Earlier this month Google Cloud services located on the US east coast were impacted by a significant outage lasting almost 24 hours. The incident demonstrates that occasionally a critical hardware failure - in this case, a fiber cable break - can negate any and all redundancy planning.
It’s also a good argument for a multi-cloud approach - that is to say, not putting all your public cloud assets in the hands of one provider.
Fiber optic cables linking Google Cloud servers in its US-East1 region were physically broken. Google responded by rerouting traffic to ensure that customers' services continued to operate reliably until the affected fiber paths are repaired. But some customers were affected by elevated latency for up to 24 hours.
While it’s unusual for multiple physical fiber breaks to occur simultaneously, it does happen and for organizations relying on services operating out of a specific regional data center, the impact can be disastrous.
Can downtime be compared among providers?
There have been some efforts to measure and compare the reliability of a number of cloud providers but the challenge is that they don’t disclose disruptions in a consistent manner.
In fact, says Zeus Kerravala of ZK Research, some disclosures are confusing to the point where it’s difficult to glean any kind of meaningful conclusion.
According to Kerravala, between Azure, GCP and Amazon Web Services (AWS), Azure is the most obscure, in terms of provided detail. GCP does a better job of providing detail at the service level but tends to be obscure with regional information. Meanwhile, AWS has the most granular reporting, as it shows every service in every region.
There are more inconsistencies here. If an incident occurs that impacts three AWS services and each was unavailable for one hour, AWS would record three hours of downtime. But if Azure reports a one-hour outage that impacts five services in three regions, the status website might show just a single hour, rather than 15 hours of total downtime.
The confusion is further compounded by the historical downtime data that is available. At one time, all three major cloud vendors provided a one-year view into outages but Azure has moved to only a 90-day view.
What cost is downtime to your business?
So how can you compare apples to something as close to apples? Kerrevala’s own research found that from the beginning of 2018 through to May 2019, AWS recorded only 338 hours of downtime, followed by GCP closely at 361. Microsoft Azure meanwhile has a whopping total of 1,934 hours of self-reported downtime.

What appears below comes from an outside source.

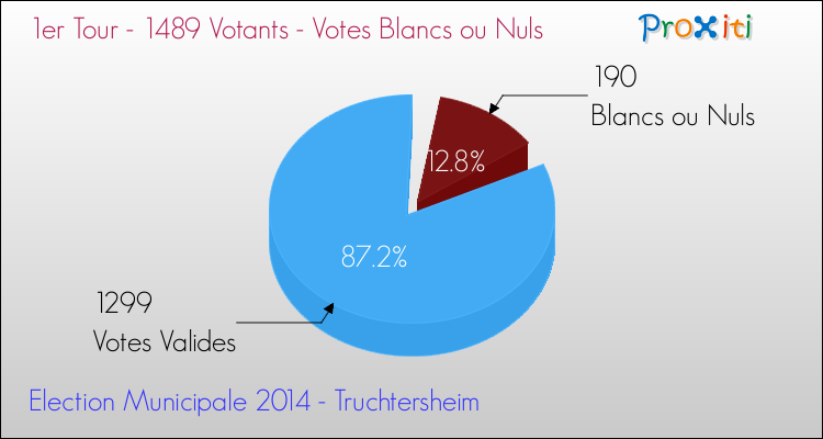 Au moment du dépouillement du scrutin, 190 bulletins ont été considérés comme blancs ou nuls (12.76%).

But Kerrevala is quick to point out that this is an aggregation of the self-reported data from the vendors’ websites, which isn’t the “true” number, as regional information or service granularity is sometimes obscured.
Organizations choose cloud services based on a multitude of factors, from price to local availability to existing infrastructure to specific service requirements. Downtime is just another one of those considerations and should be weighed against your appetite for risk. If some downtime isn’t going to be a big problem, then other factors might sway your decision. If uptime is critical, then that will move to the top of the consideration pile.
Kerrevala also warns that buyers should be aware that there is a big difference between service level agreements (SLAs) and downtime. “A cloud operator can promise anything they want, even provide a 100% SLA, but that just means they need to reimburse the business when a service isn’t available. Most IT leaders I have talked to say the few bucks they get back when a service is out is a mere fraction of what the outage actually cost them,” he said.